Gao Letao, Zhang Yumeng, Ge Fang, Li Shanshan, Guo Yuming, Song Jiangning, Yu Dong-Jun
School of Computer Science and Engineering, Nanjing University of Science and Technology, 200 Xiaolingwei, Nanjing 210094, China.
Biomedicine Discovery Institute and Department of Biochemistry and Molecular Biology, Monash University, Melbourne, VIC 3800, Australia.
J Chem Inf Model. 2025 May 12;65(9):4674-4686. doi: 10.1021/acs.jcim.5c00055. Epub 2025 Apr 29.

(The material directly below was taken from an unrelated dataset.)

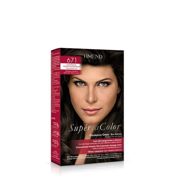 <div class="container-padding product-description accordion-pdp-padding accordion-pdp-item" style="-webkit-font-smoothing: antialiased; box-sizing: inherit; margin: 0px; padding: 20px 0px 0px; color: #212121;"> <div class="accordion-pdp" style="-webkit-font-smoothing: antialiased; box-sizing: inherit; margin: 0px; padding: 0px;" title="pressione TAB para descobrir mais sobre"> <div id="description-region" class="accordion-is-hidden" style="-webkit-font-smoothing: antialiased; box-sizing: inherit; margin: 0px; padding: 0px;"> <p class="product-description-name" style="-webkit-font-smoothing: antialiased; box-sizing: inherit; margin: 0px; padding: 0px 0px 15px; font-size: 1rem; font-weight: bold; line-height: 1.5rem;"><span style="color: #808080;"><span style="font-size: 14px;"><span style="font-family: arial,helvetica,sans-serif;">Amend Supéria Color 671 Louro Escuro Marrom Acinzentado</span></span></span></p> <div class="product-description-content reset-allow-bold" style="-webkit-font-smoothing: antialiased; box-sizing: inherit; margin: 0px; padding: 0px 0px 15px; color: #777777; line-height: 1.6;"> <p style="-webkit-font-smoothing: antialiased; box-sizing: inherit; margin: 0px; padding: 0px;"><span style="color: #808080;"><span style="font-size: 14px;"><span style="font-family: arial,helvetica,sans-serif;">Creme tonalizante sem amônica. <span style="-webkit-font-smoothing: antialiased; box-sizing: inherit; margin: 0px; padding: 0px; font-weight: 700 !important;">Amend Supéria Color </span>colore os fios com tom vibrante, cheio de brilho e cobre fios brancos em até 50%. Em diversas cores modernas e que seguem as tendências, cria reflexos com aspecto muito natural.</span></span></span></p> <p style="-webkit-font-smoothing: antialiased; box-sizing: inherit; margin: 0px; padding: 0px;"> </p> <p style="-webkit-font-smoothing: antialiased; box-sizing: inherit; margin: 0px; padding: 0px;"><span style="color: #808080;"><span style="font-size: 14px;"><span style="font-family: arial,helvetica,sans-serif;">O <span style="-webkit-font-smoothing: antialiased; box-sizing: inherit; margin: 0px; padding: 0px; font-weight: 700 !important;">Tonalizante Supéria Color, de Amend</span>, possui fórmula em creme que não agride nem resseca durante a coloração e promove tom duradouro. Seus micropigmentos penetram no fio enquanto silicones selam as cutículas para fixar a cor por mais tempo e proporcionar brilho intenso. Ainda oferece tratamento nutritivo que revela um cabelo macio e cheio de vida.</span></span></span></p> <p style="-webkit-font-smoothing: antialiased; box-sizing: inherit; margin: 0px; padding: 0px;"> </p> <p style="-webkit-font-smoothing: antialiased; box-sizing: inherit; margin: 0px; padding: 0px;"><span style="color: #808080;"><span style="font-size: 14px;"><span style="font-family: arial,helvetica,sans-serif;"><span style="-webkit-font-smoothing: antialiased; box-sizing: inherit; margin: 0px; padding: 0px; font-weight: 700 !important;">Contém</span></span></span></span></p> <p style="-webkit-font-smoothing: antialiased; box-sizing: inherit; margin: 0px; padding: 0px;"> </p> <p style="-webkit-font-smoothing: antialiased; box-sizing: inherit; margin: 0px; padding: 0px;"><span style="color: #808080;"><span style="font-size: 14px;"><span style="font-family: arial,helvetica,sans-serif;"><span style="-webkit-font-smoothing: antialiased; box-sizing: inherit; margin: 0px; padding: 0px; font-weight: 700 !important;">Amend Supéria Color - Tonalizante 40g:</span> bisgana com coloração em creme. Cria reflexos com aspecto natural e muito brilho.</span></span></span></p> <p style="-webkit-font-smoothing: antialiased; box-sizing: inherit; margin: 0px; padding: 0px;"> </p> <p style="-webkit-font-smoothing: antialiased; box-sizing: inherit; margin: 0px; padding: 0px;"><span style="color: #808080;"><span style="font-size: 14px;"><span style="font-family: arial,helvetica,sans-serif;"><span style="-webkit-font-smoothing: antialiased; box-sizing: inherit; margin: 0px; padding: 0px; font-weight: 700 !important;">Amend - Emulsão Reveladora 60ml:</span> revela os pigmentos da coloração de maneira uniforme e fiel à cartela de cores.</span></span></span></p> <p style="-webkit-font-smoothing: antialiased; box-sizing: inherit; margin: 0px; padding: 0px;"> </p> <p style="-webkit-font-smoothing: antialiased; box-sizing: inherit; margin: 0px; padding: 0px;"><span style="color: #808080;"><span style="font-size: 14px;"><span style="font-family: arial,helvetica,sans-serif;"><span style="-webkit-font-smoothing: antialiased; box-sizing: inherit; margin: 0px; padding: 0px; font-weight: 700 !important;">Amend Pós-Coloração Synergy Color - Tratamento 2x15g: </span>sachês de tratamento que protegem ainda mais os fios durante a coloração, prolongam o efeito e nutrem os fios para que eles fiquem sedosos e muito brilhantes.</span></span></span></p> <p style="-webkit-font-smoothing: antialiased; box-sizing: inherit; margin: 0px; padding: 0px;"> </p> <p style="-webkit-font-smoothing: antialiased; box-sizing: inherit; margin: 0px; padding: 0px;"><span style="color: #808080;"><span style="font-size: 14px;"><span style="font-family: arial,helvetica,sans-serif;">Folheto explicativo e par de luvas descartáveis.</span></span></span></p> </div> </div> </div> </div> <div class="container-padding product-characteristics accordion-pdp-item" style="-webkit-font-smoothing: antialiased; box-sizing: inherit; margin: 0px; padding: 0px; color: #212121;"> <div class="accordion-pdp" style="-webkit-font-smoothing: antialiased; box-sizing: inherit; margin: 0px; padding: 0px;" title="pressione ENTER e TAB para saber como usar o produto"> <div id="characteristics-region" class="accordion-is-hidden" style="-webkit-font-smoothing: antialiased; box-sizing: inherit; margin: 0px; padding: 0px;"> <div class="product-characteristics-content reset-allow-bold" style="-webkit-font-smoothing: antialiased; box-sizing: inherit; margin: 0px; pad

T-cell receptors (TCRs) play a pivotal role in the adaptive immune system, and understanding their antigen recognition mechanism remains a critical area of research. With the increasing availability of binding and interaction data between TCRs and peptide-major histocompatibility complexes (pMHCs), data-driven computational methods are emerging as powerful tools with significant potential for advancement. In this study, we collected and curated comprehensive sequence and structure data sets of TCRs from human CD8 T-cells and cognate epitopes presented by MHC class I molecules. We developed two innovative computational frameworks: SG-TPMI, a lightweight, extensible, and structure-guided model for predicting TCR-pMHC binding specificity, and Seq/Struct-TCS, a pair of models (sequence-based and structure-based) for predicting contact sites within TCR-pMHC complexes. Notably, we directly integrated MHC-I alpha helices (or pseudosequences) and structural information on the protein complex into the prediction models. Our comprehensive modeling approach enabled quantitative investigations of TCR-pMHC interaction mechanisms, empowering SG-TPMI and Struct-TCS to achieve performances comparable to those of state-of-the-art methods. Furthermore, our results highlight the necessity of CDR1 and CDR2 loops as well as MHC restriction in pan-specific TCR-pMHC interaction prediction, providing new insights into TCR recognition. In summary, we not only propose SG-TPMI as an effective computational method for predicting TCR-pMHC binary interactions but also introduce the Seq/Struct-TCS design for predicting TCR interacting sites with peptide or MHC alpha helices.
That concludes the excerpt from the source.